4 Conclusion and discussion

We implemented a wetland CH4 emission module into the YIBs vegetation model and validated its performance against available measurements and estimates. Simulated wetland CH4 emissions matched observations with reasonable seasonality at 28 out of 33 sites. The model also yielded similar global wetland CH4 emissions compared to the ensemble of 13 process-based models. We performed sensitivity experiments to identify the spatiotemporal variations of wetland CH4 emissions and the associated drivers from 2001 to 2020. The results showed that the interannual variation of atmospheric CO2 and meteorological conditions predominantly drive the changes in global wetland CH4 emissions, with their combined contributions exceeding 70% in each month during the research period. The role of CO2 fertilization grew gradually and became the dominant factor after 2008. The attribution analyses indicated that the changes of wetland CH4 emissions followed the changes in Rh, with widespread enhancement by CO2 fertilization effects but patchy responses to climate change mainly following the trend of temperature.

Previous studies also revealed the strong impacts of CO2 fertilization on wetland CH4 emissions. For example, Yuan et al. (2021) suggested that increased CO2 could promote the concentration of dissolved organic carbon (DOC) and acetate by enhancing ecosystem productivity and the mineralization of soil organic matter. This, in turn, leads to an increase in the microbial biomass of methanogens, ultimately resulting in enhanced CH4 emissions. However, some recent estimates ignored the CO2 fertilization effect in their simulations. For example, the observation-constrained study by Koffi et al. (2020) showed enhanced wetland CH4 emissions of 50%–80% at the end of 21st century without considering CO2 fertilization effect. The multi-model ensemble estimates by Saunois et al. (2020) also neglected the CO2 fertilization and achieved limited trends in wetland CH4 emissions for the recent two decades. We expect that the increasing rates of wetland CH4 emissions are likely underestimated in above studies as the role of CO2 fertilization becomes more dominant over the long-term period.
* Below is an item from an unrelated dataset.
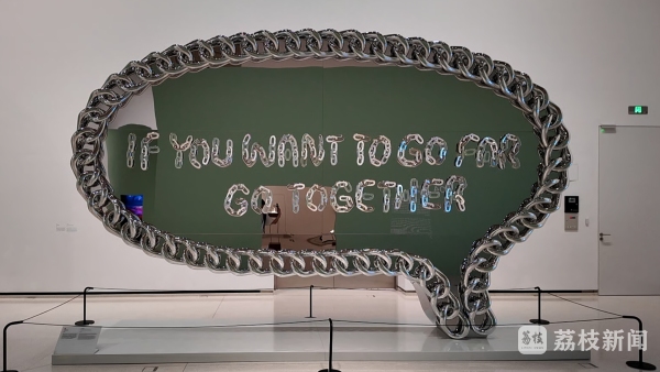 用藝術(shù)鏈接過去與將來,交流借鑒與創(chuàng)新發(fā)展同行。中國當代藝術(shù)標志性人物徐震的巨型裝置《結(jié)伴才能行遠》,以涂鴉文字和銀色長鏈構(gòu)成,傳遞中新結(jié)伴同行的概念,彰顯此次中新兩國文化交流展覽的愿景:面向未來,攜手并進。

Many studies have emphasized the influences of climatic factors on wetland CH4 emissions. Liu et al. (2020) highlighted the important role of air temperature, which affects CH4 production directly through Q10 factors and indirectly by altering both NPP and wetland inundation area fraction. We also found that temperature accounts for most of climate-driven changes in CH4 emissions through modulating ecosystem NPP (Figure 6). Furthermore, Chen et al. (2021) observed a positive correlation between wetland water level and temperature sensitivity in CH4 emissions, though this relationship is not incorporated in our model. Zhang et al. (2023) compared the impacts of temperature and precipitation, and found that precipitation dominates the variability of CH4 emissions in some tropical regions as rainfall alter the wetland extent. However, we prescribed the area of wetland in our simulations and constrained the effects of precipitation to some extent. Despite these discrepancies, we also found that the perturbations of tropical CH4 dominates the global wetland emissions as concluded by Zhang et al. (2023).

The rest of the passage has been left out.